[Date Prev][Date Next][Thread Prev][Thread Next][Date Index][Thread Index]
Re: [PATCH v3 4/5] qapi: introduce device-sync-config
From: |
Markus Armbruster |
Subject: |
Re: [PATCH v3 4/5] qapi: introduce device-sync-config |
Date: |
Mon, 29 Apr 2024 15:04:33 +0200 |
User-agent: |
Gnus/5.13 (Gnus v5.13) |
Vladimir Sementsov-Ogievskiy <vsementsov@yandex-team.ru> writes:
> On 29.04.24 13:51, Markus Armbruster wrote:
>> Vladimir Sementsov-Ogievskiy <vsementsov@yandex-team.ru> writes:
>>
>>> On 24.04.24 14:48, Markus Armbruster wrote:
>>>> Vladimir Sementsov-Ogievskiy <vsementsov@yandex-team.ru> writes:
>>>>
>>>>> Add command to sync config from vhost-user backend to the device. It
>>>>> may be helpful when VHOST_USER_SLAVE_CONFIG_CHANGE_MSG failed or not
>>>>> triggered interrupt to the guest or just not available (not supported
>>>>> by vhost-user server).
>>>>>
>>>>> Command result is racy if allow it during migration. Let's allow the
>>>>> sync only in RUNNING state.
>>>>>
>>>>> Signed-off-by: Vladimir Sementsov-Ogievskiy <vsementsov@yandex-team.ru>
>>
>> [...]
>>
>>>>> diff --git a/include/sysemu/runstate.h b/include/sysemu/runstate.h
>>>>> index 0117d243c4..296af52322 100644
>>>>> --- a/include/sysemu/runstate.h
>>>>> +++ b/include/sysemu/runstate.h
>>>>> @@ -5,6 +5,7 @@
>>>>> #include "qemu/notify.h"
>>>>>
>>>>> bool runstate_check(RunState state);
>>>>> +const char *current_run_state_str(void);
>>>>> void runstate_set(RunState new_state);
>>>>> RunState runstate_get(void);
>>>>> bool runstate_is_running(void);
>>>>> diff --git a/qapi/qdev.json b/qapi/qdev.json
>>>>> index facaa0bc6a..e8be79c3d5 100644
>>>>> --- a/qapi/qdev.json
>>>>> +++ b/qapi/qdev.json
>>>>> @@ -161,3 +161,24 @@
>>>>> ##
>>>>> { 'event': 'DEVICE_UNPLUG_GUEST_ERROR',
>>>>> 'data': { '*device': 'str', 'path': 'str' } }
>>>>> +
>>>>> +##
>>>>> +# @device-sync-config:
>>>>> +#
>>>>> +# Synchronize config from backend to the guest.

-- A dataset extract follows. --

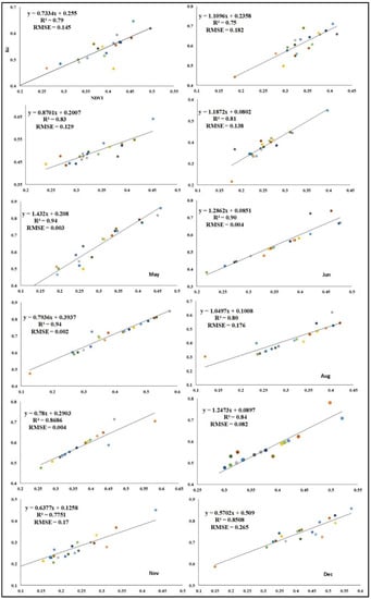 The monthly averaged Kc value curves for all crops and the monthly NDVI curves showed a similar pattern. Monthly linear regression models were developed to find the link between NDVI and averaged Kc for the selected 20 sites to quantify this relationship (Figure 10).

The command notifies
>>>>> +# re-read the device config from the backend and notifies the guest
>>>>> +# to re-read the config. The command may be used to notify the guest
>>>>> +# about block device capcity change. Currently only vhost-user-blk
>>>>> +# device supports this.
>>>>
>>>> I'm not sure I understand this. To work towards an understanding, I
>>>> rephrase it, and you point out the errors.
>>>>
>>>> Synchronize device configuration from host to guest part. First,
>>>> copy the configuration from the host part (backend) to the guest
>>>> part (frontend). Then notify guest software that device
>>>> configuration changed.
>>>
>>> Correct, thanks
>>
>> Perhaps
>>
>> Synchronize guest-visible device configuration with the backend's
>> configuration, and notify guest software that device configuration
>> changed.
>>
>> This may be useful to notify the guest of a block device capacity
>> change. Currenrly, only vhost-user-blk devices support this.
>
> Sounds good
Except I fat-fingered "Currently".
>>
>> Next question: what happens when the device *doesn't* support this?
>
> An error "device-sync-config is not supported ..."
Okay.
>>>> I wonder how configuration can get out of sync. Can you explain?
>>>>
>>>
>>> The example (and the original feature, which triggered developing this) is
>>> vhost disk resize. If vhost-server (backend) doesn't support
>>> VHOST_USER_SLAVE_CONFIG_CHANGE_MSG, neither QEMU nor guest will know that
>>> disk capacity changed.
>>
>> Sounds like we wouldn't need this command if we could make the
>> vhost-server support VHOST_USER_SLAVE_CONFIG_CHANGE_MSG. Is making it
>> support it impractical? Or are there other uses for this command?
>
> Qemu's internal vhost-server do support it. But that's not the only
> vhost-user server) So the command is useful for those servers which doesn't
> support VHOST_USER_SLAVE_CONFIG_CHANGE_MSG. Note, that this message requires
> setting up additional channel of server -> client communication. That was the
> reason, why the "change-msg" solution was rejected in our downstream: it's
> safer to reuse existing channel (QMP), than to add and support an additional
> channel.
>
> Also, the command may help to debug the system, when
> VHOST_USER_SLAVE_CONFIG_CHANGE_MSG doesn't work for some reason.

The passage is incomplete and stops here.